Email etiquette: A recipe for success

Updated: Jun 9

A lot goes on, from classes to homework to friends and events. So many things to do and learn during college - right? I will share in this 3 part series a few things that I learned at an event here at the college called "Keep Calm and Study On." Today I'm focusing on email etiquette- a recipe for success. Alright, yesterday might have been the last day of summer, but that doesn't mean we can't dive into a delicious summertime treat like Smore. Writing an email is like making the perfect smore treat. Stay with me here. As an associate professor of education, I get many emails daily. My inbox goal for the end of the week is 0, but I barely get there.

An email is a professional correspondence between a student or a few students to me. Knowing how to write and what to include in an email will help carry you into your professional career. When scanning through my email - I look for a few ingredients to prioritize my inbox. Your email should be like a yummy smore!

Let's break it down:

  • Bottom Graham cracker: Subject line. At a glance, I can see who the email is from and what it is about in the subject line. Have a clear and concise subject line. Here is an example of a clear subject line: EDUC 204 A digital portfolio question (it lists the name of the class and what the problem or question will be about). Never leave the subject line blank!

  • Chocolate bar: Addressing the recipient professionally. When I open the email, I look at the greeting. Friends, don't just write "Hey, hi, etc.). Again, remember you are writing a professional email, so be a professional! Key ingredient #2 is to address the individual respectfully. I am respectfully addressing the recipient. Meaning, write Hi or Hello Dear Dr., Mrs., Mr., Miss, etc.

  • Marshmallow: Clear content. The marshmallow is the gooey part that keeps the smore together.
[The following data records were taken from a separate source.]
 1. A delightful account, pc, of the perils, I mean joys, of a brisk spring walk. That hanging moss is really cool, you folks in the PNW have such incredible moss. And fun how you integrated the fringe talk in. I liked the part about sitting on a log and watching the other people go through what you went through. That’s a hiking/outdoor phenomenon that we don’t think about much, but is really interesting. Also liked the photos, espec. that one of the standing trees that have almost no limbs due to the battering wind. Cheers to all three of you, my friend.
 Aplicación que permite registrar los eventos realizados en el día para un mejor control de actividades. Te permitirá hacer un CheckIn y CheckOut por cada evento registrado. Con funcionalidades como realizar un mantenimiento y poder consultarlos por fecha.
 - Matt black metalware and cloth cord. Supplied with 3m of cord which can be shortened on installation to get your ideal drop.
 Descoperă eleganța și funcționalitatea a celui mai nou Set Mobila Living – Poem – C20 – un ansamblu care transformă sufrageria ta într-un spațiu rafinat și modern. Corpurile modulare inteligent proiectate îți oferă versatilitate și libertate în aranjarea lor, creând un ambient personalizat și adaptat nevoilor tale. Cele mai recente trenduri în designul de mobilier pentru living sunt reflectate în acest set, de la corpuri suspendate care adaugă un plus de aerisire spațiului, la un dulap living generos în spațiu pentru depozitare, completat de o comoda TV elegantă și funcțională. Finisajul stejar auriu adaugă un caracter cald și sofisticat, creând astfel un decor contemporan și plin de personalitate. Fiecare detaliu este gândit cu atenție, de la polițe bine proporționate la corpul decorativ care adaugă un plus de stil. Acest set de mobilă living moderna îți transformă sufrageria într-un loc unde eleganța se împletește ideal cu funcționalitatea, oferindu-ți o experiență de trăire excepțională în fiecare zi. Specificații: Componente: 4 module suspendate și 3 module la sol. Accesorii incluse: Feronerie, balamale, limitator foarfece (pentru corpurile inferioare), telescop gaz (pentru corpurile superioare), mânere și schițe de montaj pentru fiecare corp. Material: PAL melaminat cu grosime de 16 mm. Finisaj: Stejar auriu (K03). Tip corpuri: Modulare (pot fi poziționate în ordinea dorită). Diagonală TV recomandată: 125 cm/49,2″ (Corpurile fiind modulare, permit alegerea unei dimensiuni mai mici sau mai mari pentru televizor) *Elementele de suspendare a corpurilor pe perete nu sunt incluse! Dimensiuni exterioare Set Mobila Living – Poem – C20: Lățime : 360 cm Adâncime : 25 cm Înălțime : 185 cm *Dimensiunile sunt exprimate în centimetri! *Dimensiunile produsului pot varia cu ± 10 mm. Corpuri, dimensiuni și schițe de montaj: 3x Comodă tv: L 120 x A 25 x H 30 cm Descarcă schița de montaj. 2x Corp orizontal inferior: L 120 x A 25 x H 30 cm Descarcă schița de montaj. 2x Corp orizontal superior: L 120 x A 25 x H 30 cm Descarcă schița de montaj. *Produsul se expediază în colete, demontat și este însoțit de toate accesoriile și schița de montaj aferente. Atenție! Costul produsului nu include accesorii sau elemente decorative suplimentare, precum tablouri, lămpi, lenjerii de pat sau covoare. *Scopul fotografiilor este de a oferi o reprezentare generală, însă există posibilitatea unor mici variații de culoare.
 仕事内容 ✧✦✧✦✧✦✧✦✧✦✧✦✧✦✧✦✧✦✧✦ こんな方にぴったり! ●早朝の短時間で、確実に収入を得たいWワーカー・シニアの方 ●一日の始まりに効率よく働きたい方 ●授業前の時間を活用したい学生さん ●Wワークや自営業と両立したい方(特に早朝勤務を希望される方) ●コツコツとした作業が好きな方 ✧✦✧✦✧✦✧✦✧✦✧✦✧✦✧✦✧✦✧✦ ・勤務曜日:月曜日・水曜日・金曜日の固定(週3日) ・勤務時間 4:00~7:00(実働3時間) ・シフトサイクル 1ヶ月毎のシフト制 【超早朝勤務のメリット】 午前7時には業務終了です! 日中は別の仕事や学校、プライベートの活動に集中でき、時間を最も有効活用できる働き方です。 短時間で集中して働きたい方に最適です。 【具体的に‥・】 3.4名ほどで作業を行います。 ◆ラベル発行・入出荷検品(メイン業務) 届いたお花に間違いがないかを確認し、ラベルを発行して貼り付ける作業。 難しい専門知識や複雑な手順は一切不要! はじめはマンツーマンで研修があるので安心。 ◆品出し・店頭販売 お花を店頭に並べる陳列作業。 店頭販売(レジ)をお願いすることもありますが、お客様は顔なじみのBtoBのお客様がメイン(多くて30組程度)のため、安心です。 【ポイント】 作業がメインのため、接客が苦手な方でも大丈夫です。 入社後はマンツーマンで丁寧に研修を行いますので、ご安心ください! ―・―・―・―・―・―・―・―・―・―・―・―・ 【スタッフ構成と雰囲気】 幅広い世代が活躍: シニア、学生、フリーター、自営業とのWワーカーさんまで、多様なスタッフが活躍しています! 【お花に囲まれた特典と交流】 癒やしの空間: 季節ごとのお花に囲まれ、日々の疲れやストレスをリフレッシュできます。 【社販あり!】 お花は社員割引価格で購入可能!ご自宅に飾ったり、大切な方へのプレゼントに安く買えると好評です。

So your email contents should be clear about what you have to say or question you have to ask. Include any attachments (if you mention any) and double-check your spelling and grammar. In addition, be mindful of the purpose of the email. Are you sending the email to inform, ask a question or clarification, or engage in conversation? Remember your purpose as you compose your email.

  • Top Graham Cracker: Signature is a must-have. Don't forget to sign your first and last name. You may also want to include some information in your signature, such as graduation year, major, pronouns, and maybe an inspirational quote. You can create an excellent picture in signature using Canva.
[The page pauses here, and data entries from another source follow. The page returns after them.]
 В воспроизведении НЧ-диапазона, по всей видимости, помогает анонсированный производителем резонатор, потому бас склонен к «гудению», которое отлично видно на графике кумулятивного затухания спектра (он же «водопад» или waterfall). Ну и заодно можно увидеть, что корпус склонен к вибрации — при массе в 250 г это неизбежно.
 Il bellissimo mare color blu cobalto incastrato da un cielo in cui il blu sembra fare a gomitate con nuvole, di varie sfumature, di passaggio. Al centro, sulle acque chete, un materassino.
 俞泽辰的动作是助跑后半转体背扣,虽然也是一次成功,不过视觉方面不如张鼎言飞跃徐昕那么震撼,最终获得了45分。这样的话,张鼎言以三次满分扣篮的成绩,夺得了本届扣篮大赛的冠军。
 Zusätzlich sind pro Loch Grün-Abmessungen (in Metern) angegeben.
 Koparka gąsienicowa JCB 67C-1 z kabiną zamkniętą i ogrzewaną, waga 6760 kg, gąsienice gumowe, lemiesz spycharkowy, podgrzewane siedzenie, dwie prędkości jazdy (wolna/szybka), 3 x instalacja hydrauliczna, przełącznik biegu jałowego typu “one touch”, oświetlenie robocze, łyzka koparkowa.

  • How to add a signature in Outlook

  • How to add a signature in Gmail

Just a few sprinkles before you click send on the email.

  • You can't respond to an email if you don't read it. So, please read the email and read it over carefully. Respond to the email in a thoughtful and timely manner.
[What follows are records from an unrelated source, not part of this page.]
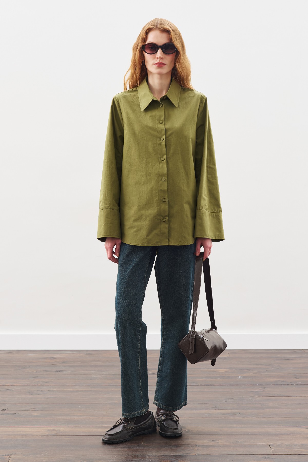 GENİŞ MANŞETLİ KLASİK GÖMLEK YAĞ YEŞİLİ
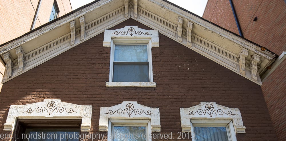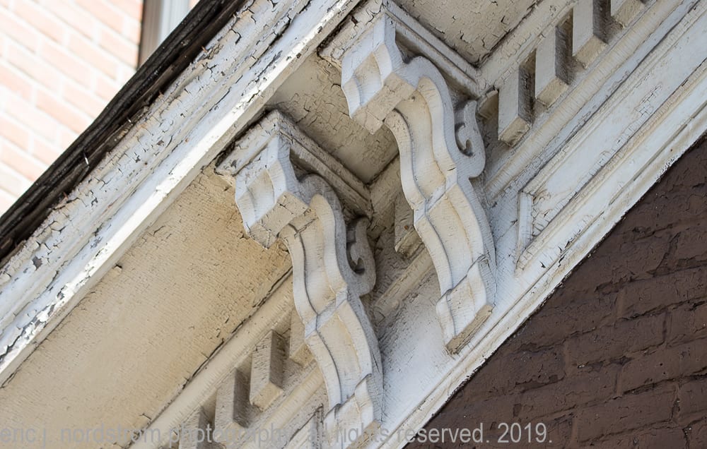 the neighborhood is largely unrecognizable through the lens of the past. however, i did see and document an 1870’s brick two-story with virtually identical cornice across the street. unfortunately, its posted for sale, but i suspect more for the land than the structure on it. it will join its neighbor in the landfill – it’s only a matter of time.
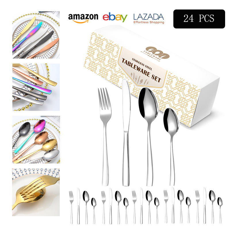 Cross Border Stainless Steel 410 Cutlery 24 Piece Set Square Handle Hotel Western Dinner Knife Fork Spoon Gift Box
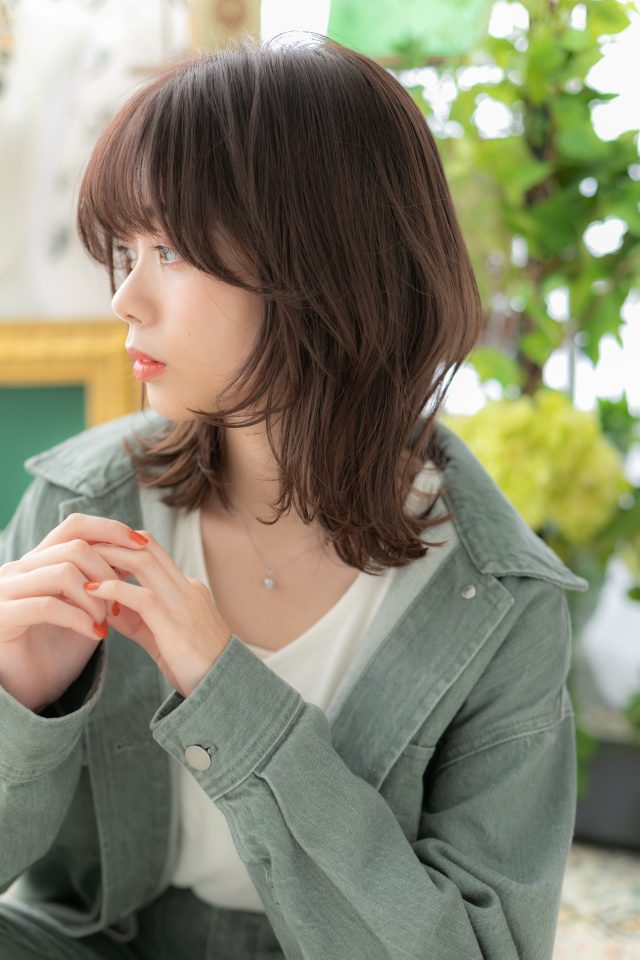 ナチュラルボブやフェミニンボブ、大人ボブや前下がりボブからの伸ばしかけにオススメのくせ毛風ふわミディ。斜めバングや厚めバング、シースルーバングで目力強調で大人女子のコーデも完成。(メイク担当:川口店 岩淵)

  • Double-check your grammar and spelling. Read through your email before clicking send. Draft your email before you click send so you can read it first.

  • Schedule to send later. If you are composing an email after 10 pm, you can schedule it to go out in the morning or afternoon the next day.

  • Think about the tone you use when writing your email and avoid using all caps, writing like you would a text, and using complete sentences and proper punctuation.

  • My mom told me, "Never leave a situation angry." This advice also applies to emails. Do not send an email when angry or upset. Take a breath, think about the purpose of the email, and then send it.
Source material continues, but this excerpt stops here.